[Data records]
__________________________________________________

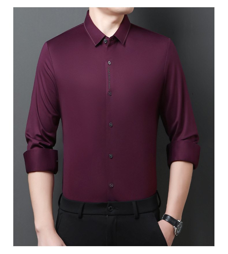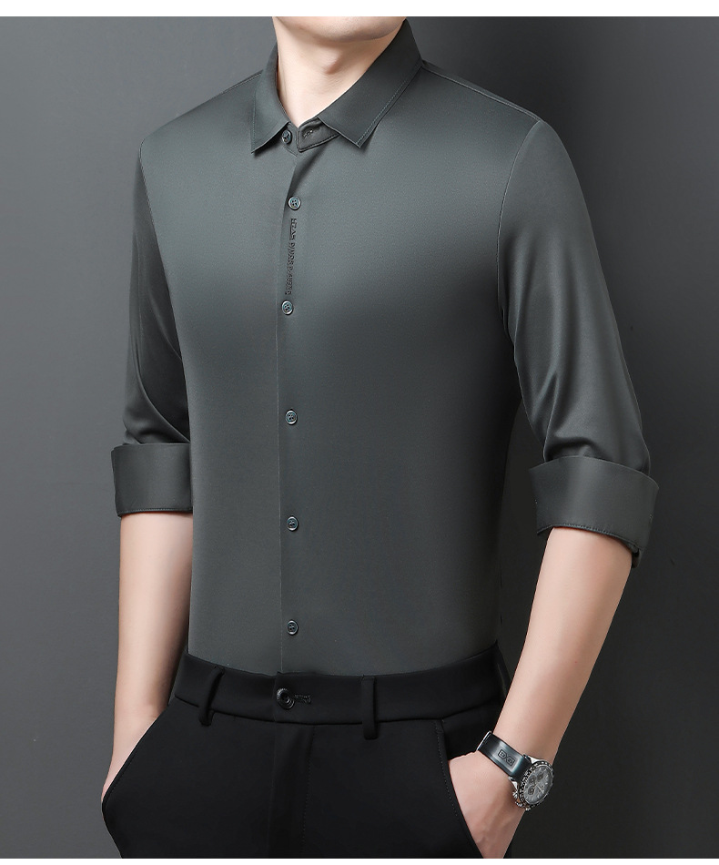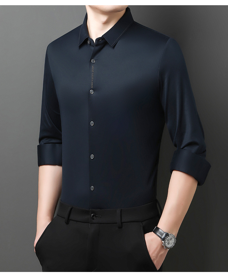 봄과 가을 새로운 남성 하이 엔드 비 마킹 핫 스탬핑 긴팔 셔츠 사업 원피스 젊고 중년을위한 고급 양 울 탑
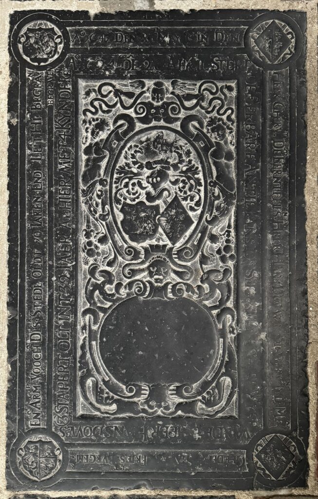 Tekst buitenste randschrift is: Ao 1647 Den XIen May is in Den Heer Gherust De’ Eerentphes’n Heer Hans Dovwe Stapert in Tyd Me’ ‘de Staat va’ Frieslt. Bvrgem. En’ Arme Voocht Desr Stede Oldt 70 Iaren Ende Leit Hi’ Begrav’n binnenste randschrift is: Ao 1624 de’ 20 April Sterf de Eerbare Antie Ians dor syersma … Zerk 168
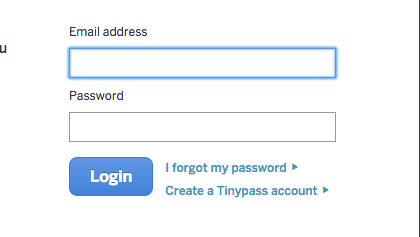 This will ask for the email and password you use for your TinyPass account. Since you'd like to reset your password, click "I forgot my password" and provide your email address to reset.
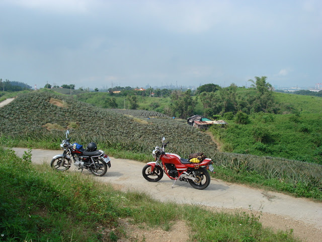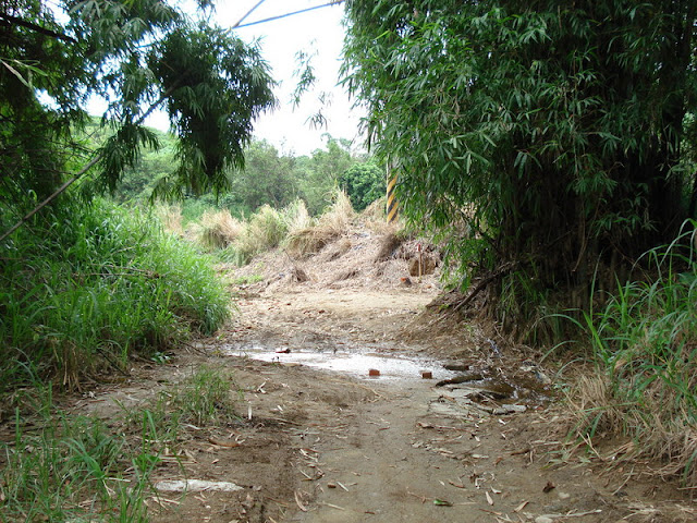 下去之後,水泥地路開始漸漸消失,取而代之的,是石頭和破裂斷掉的路,左右會出現落差的那種路(差一點我肥胖的車就卡住了)還好~~爭氣的衝過去!呵呵~~一路騎下來,草還是長得比人高,路卻是難騎無比(這路只適合用兩條腿移動)一下左轉,一下右轉,一下高,一下低的,真是令人想放棄的路呀~~
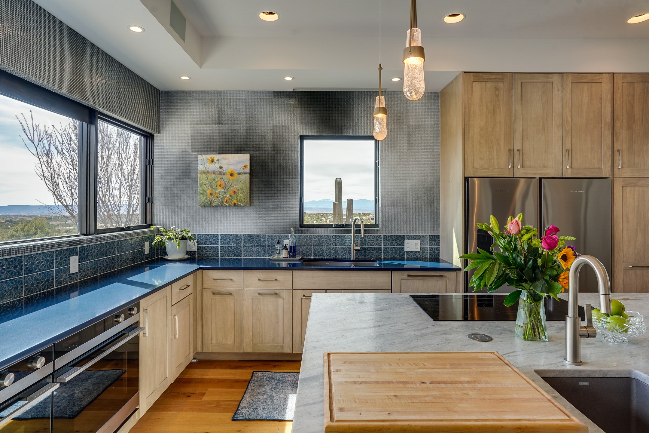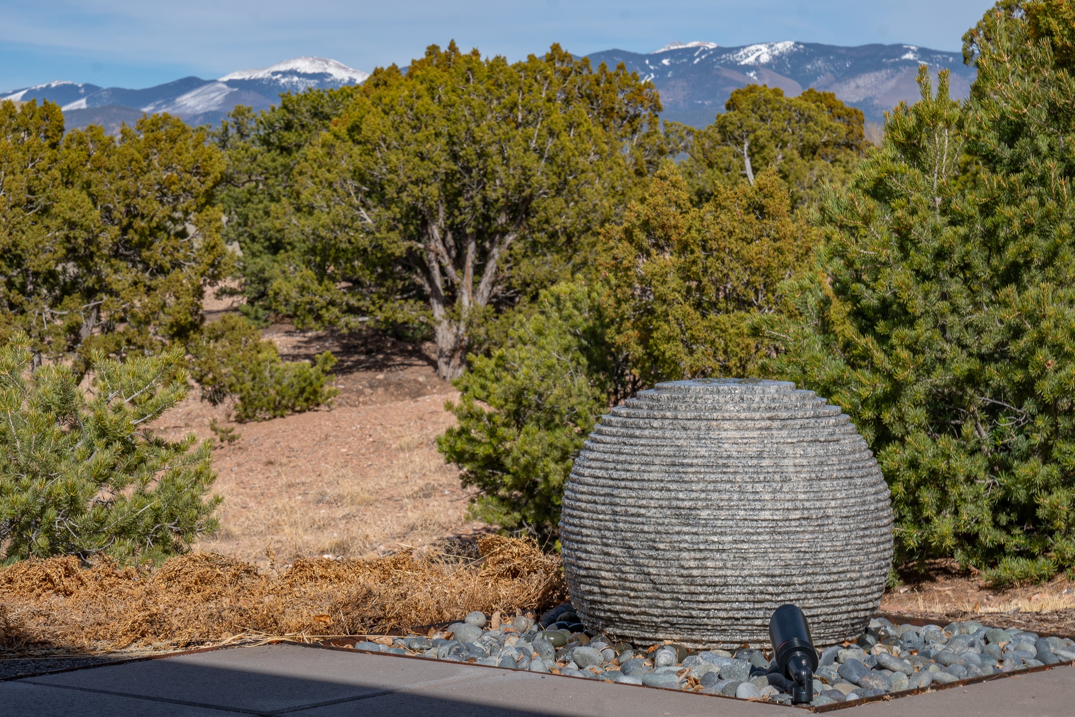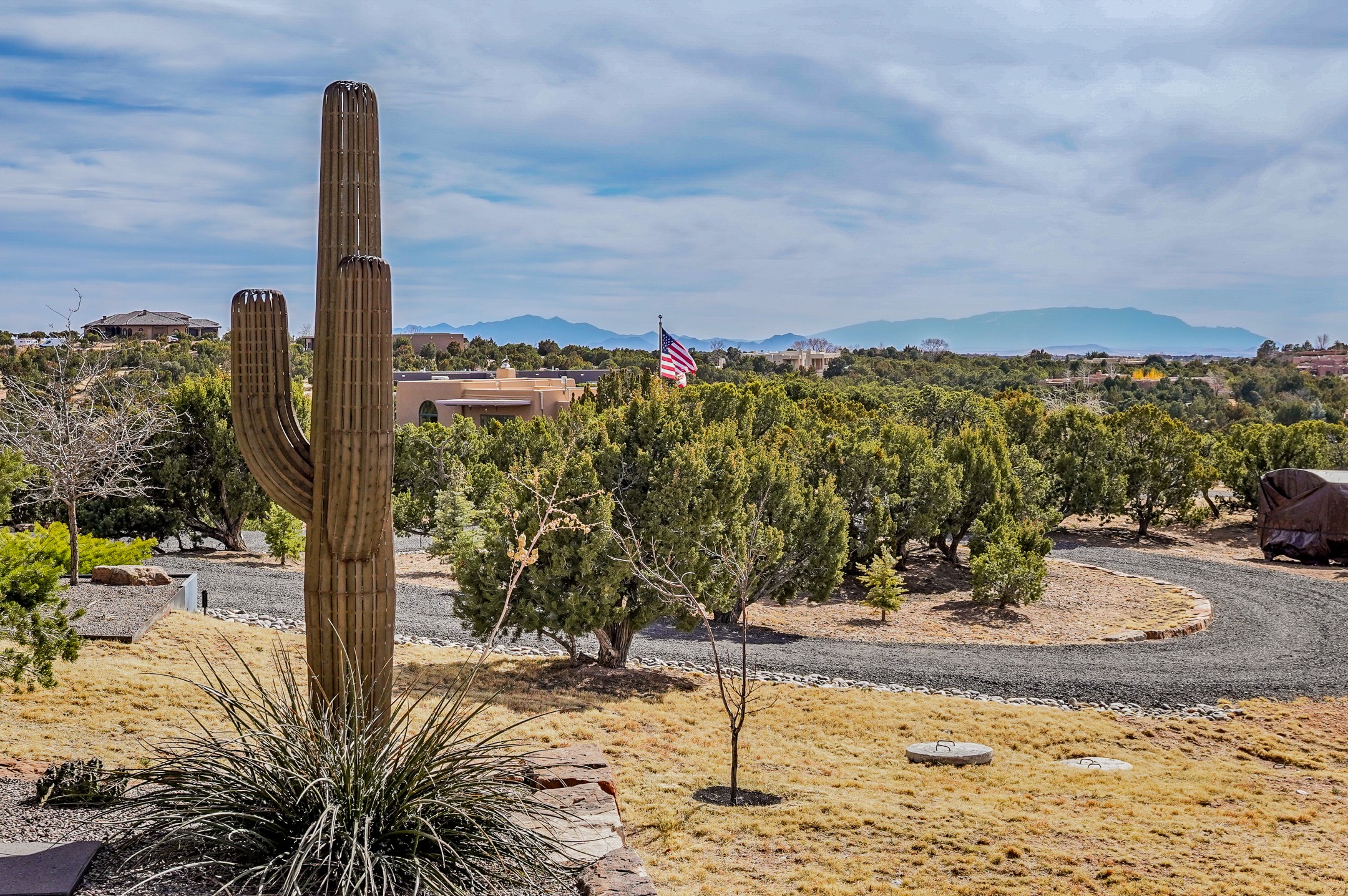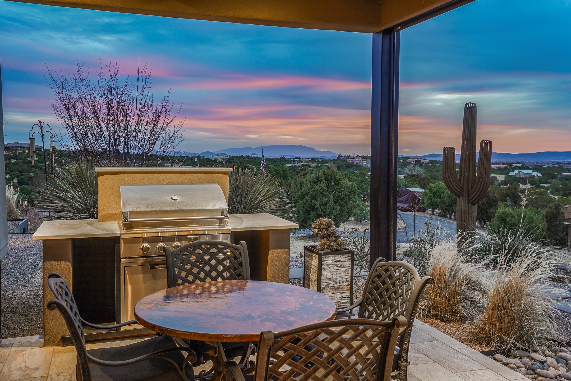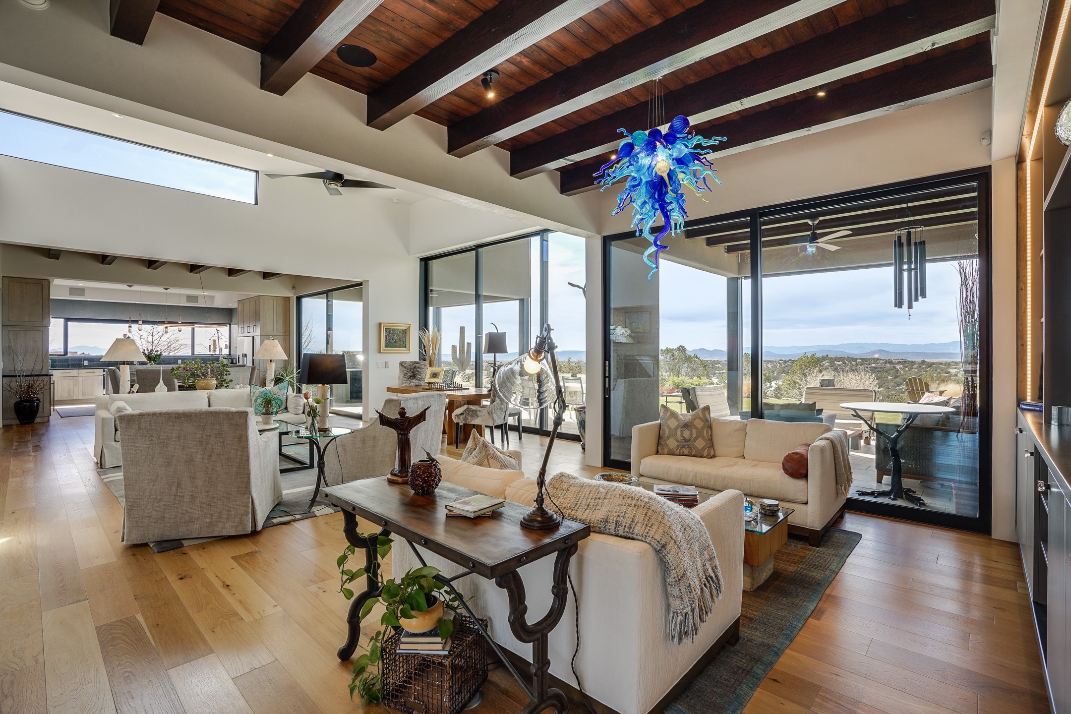 Step into this supremely livable and private, award-winning masterpiece filled with extraordinary features and amazing views just minutes from Las Campanas and town. Modern elegance & comfort await you as you enter this single-level home. Wood, glass & steel blend flawlessly to create an interior space with clean lines & abundant natural light. Amenities of the generous gourmet kitchen include an induction cooktop, dual Fisher & Paykel ovens & refrigerators, 2 dishwashers & 2 sinks, as well as a wine fridge & Scotsman Brilliance nugget ice machine. Remote controlled blinds, Lutron Caseta light switches, a Sonos wired sound system throughout, a Nest temperature system & cameras operated by smartphone or computer enhance further the comfort & livability of this age-in-place home. At the end of the day, enjoy the view as you linger in the luxurious BainUltra soaking tub with air-jet technology. An easily accessible three-car garage with geothermal heating & epoxy floor also houses a woodworking/craft area. Perfectly situated on 2.5 elevated acres with sweeping views of four mountain ranges, the home boasts a gorgeous portal designed for gracious outdoor living & entertaining. Additional charming outdoor areas allow you to relax as you take in the breathtaking vistas & savor the award-winning landscaping that includes two fountains. Winner of the 2021 Parade of Homes Ted Swisher Green Building Award, this stunning home also swept the awards for Best Overall Design, Best Craftsmanship & Best Kitchen. That says it all. Arriving at the magnificent entryway atop the circular drive confirms that this is a smartly designed, luxurious, sophisticated home not to be missed.

__________________________________________________

Word for word and without pictures, please write out only the lines from the start of the entries through the line containing "下去之後,水泥地路開始漸漸消", both included.

 봄과 가을 새로운 남성 하이 엔드 비 마킹 핫 스탬핑 긴팔 셔츠 사업 원피스 젊고 중년을위한 고급 양 울 탑
 Tekst buitenste randschrift is: Ao 1647 Den XIen May is in Den Heer Gherust De’ Eerentphes’n Heer Hans Dovwe Stapert in Tyd Me’ ‘de Staat va’ Frieslt. Bvrgem. En’ Arme Voocht Desr Stede Oldt 70 Iaren Ende Leit Hi’ Begrav’n binnenste randschrift is: Ao 1624 de’ 20 April Sterf de Eerbare Antie Ians dor syersma … Zerk 168
 This will ask for the email and password you use for your TinyPass account. Since you'd like to reset your password, click "I forgot my password" and provide your email address to reset.
 下去之後,水泥地路開始漸漸消失,取而代之的,是石頭和破裂斷掉的路,左右會出現落差的那種路(差一點我肥胖的車就卡住了)還好~~爭氣的衝過去!呵呵~~一路騎下來,草還是長得比人高,路卻是難騎無比(這路只適合用兩條腿移動)一下左轉,一下右轉,一下高,一下低的,真是令人想放棄的路呀~~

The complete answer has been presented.